Yesterday was all about survival. Making it through the day without breaking down. Making it through the day without losing control. Making it through the day.
For the most part I managed.
My sister and I attended a movie as part of the Toronto Hot Docs film festival. This is a fabulous festival for anyone who likes documentaries. We went to see a film called Rent a Family Inc. which tells the story of a Japanese man who rents himself out as a stand-in father, uncle or husband to people who need a family for some reason. One woman rented him to give her and her boyfriend permission to live together before marriage so she didn't have to tell her own father that she was doing this. It's a fascinating film. But it still begs the question how do you break that to your partner one day. Surely he will realize that the man granting him permission to bed his daughter is different than the one he meets to wed the daughter. Another woman rented 32 guests for her wedding. She had no family and no friends of her own. It was interesting, and most importantly distracting.
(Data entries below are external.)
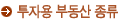 일반적으로 매월 일정한 고정수입을 목적으로 한 투자용 부동산은 크게 주거용 부동산과 상업용 부동산으로 나누어 진다. 주거용 부동산에는 콘도미니엄(콘도)을 비롯하여 둘 이상의 여러 세대가 세 들어 사는 Duplex, Triplex, Multiplex apartments, 그리고 많은 가구수의 임대전용 대형아파트 등이 있다. 상업용 부동산 에는 상가점포, 사무실용 건물, 창고용 건물, 공업용 건물 등이 있다.
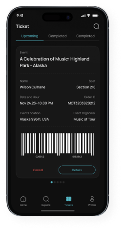 QR-based ticket validation for on-site check-in and fraud prevention.
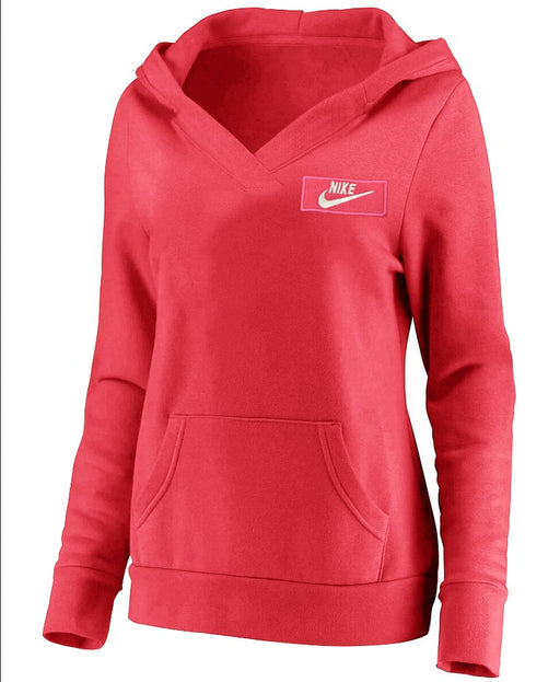 NK Terry Fleece V Neck Hoodie For Ladies-Dark Pink-RT697

We had brunch, we went to the movie and then we went for ice cream. My strength cracked while we were out for a moment. My sister mentioned something about children, about losing a baby, she was about to talk about a friend of hers, someone who had had a loss and how tragic it had been for them. I've heard the story before, and my sister, perhaps because of a strong sense of empathy will take on the pain and suffering of her friends as though the tragedy was her own.
I had confided to my sister in December about my miscarriage but it was clear she had forgotten my story. So I said, "Today would have been my due date." I needed to stop the barrage of someone else's tale of woe.
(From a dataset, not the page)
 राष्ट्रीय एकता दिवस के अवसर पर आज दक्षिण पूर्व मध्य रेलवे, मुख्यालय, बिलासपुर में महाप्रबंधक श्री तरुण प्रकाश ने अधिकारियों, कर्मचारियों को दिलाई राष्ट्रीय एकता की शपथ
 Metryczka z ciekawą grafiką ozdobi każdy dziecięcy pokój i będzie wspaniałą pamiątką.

She looked sort of surprised and then you could see the pieces click in her brain.
"Right. Sorry babe. That must have sucked."
"It did."
She doesn't acknowledge anything else. The topic shifts, probably because she feels so uncomfortable. She begins to discuss vacuums in the store we are walking by.
I regain my composure it is clear that my sister isn't prepared to be my confidant on this day. She isn't prepared to hear the tough and the nitty gritty side of my loss. She just wants ice cream.
Sometimes people just don't know what to say. Heck, even I don't always know what to say, and I'm going through it. All we can do is keep in mind that people that love and care for us mean well even when they stumble with words or actions while supporting us.
ReplyDeleteI'm sorry you had to be in a position for survival mode. At least you had some fun activities to keep your mind busy (that movie sounds crazy!). I know nothing makes it easier, or better, but at least you know you managed through an incredibly tough day.
Hugs.
I'm really sorry. I'm glad you survived yesterday, though I know it wasn't easy. I don't know your sister, but I feel like people--even those who are closest to us--never really know what to say. As though there is a right thing to say. I'm sorry she wasn't able to be your confidant, though. I'm thinking of you.
ReplyDeleteDue dates are awful. I have three within a six week period beginning mid August. It's a super tough time for me. I feel your pain, because I've been there. I think that's really tough for those who have never experienced a loss. Hugs to you... we may not know each other in real life, but so many of us here have this common thread. Lean on us when you need to.
ReplyDeleteI think she just didn't know what to say. It's hard to know if someone wants to talk about it or not... I'm so sorry. I have never been pregnant but can only imagine a loss like that, my sister lost a baby boy at 20 weeks, it was so hard for all of us seeing her in so much pain. And I remember having absolutely no clue what to say or not to say.
ReplyDeleteHugs to you.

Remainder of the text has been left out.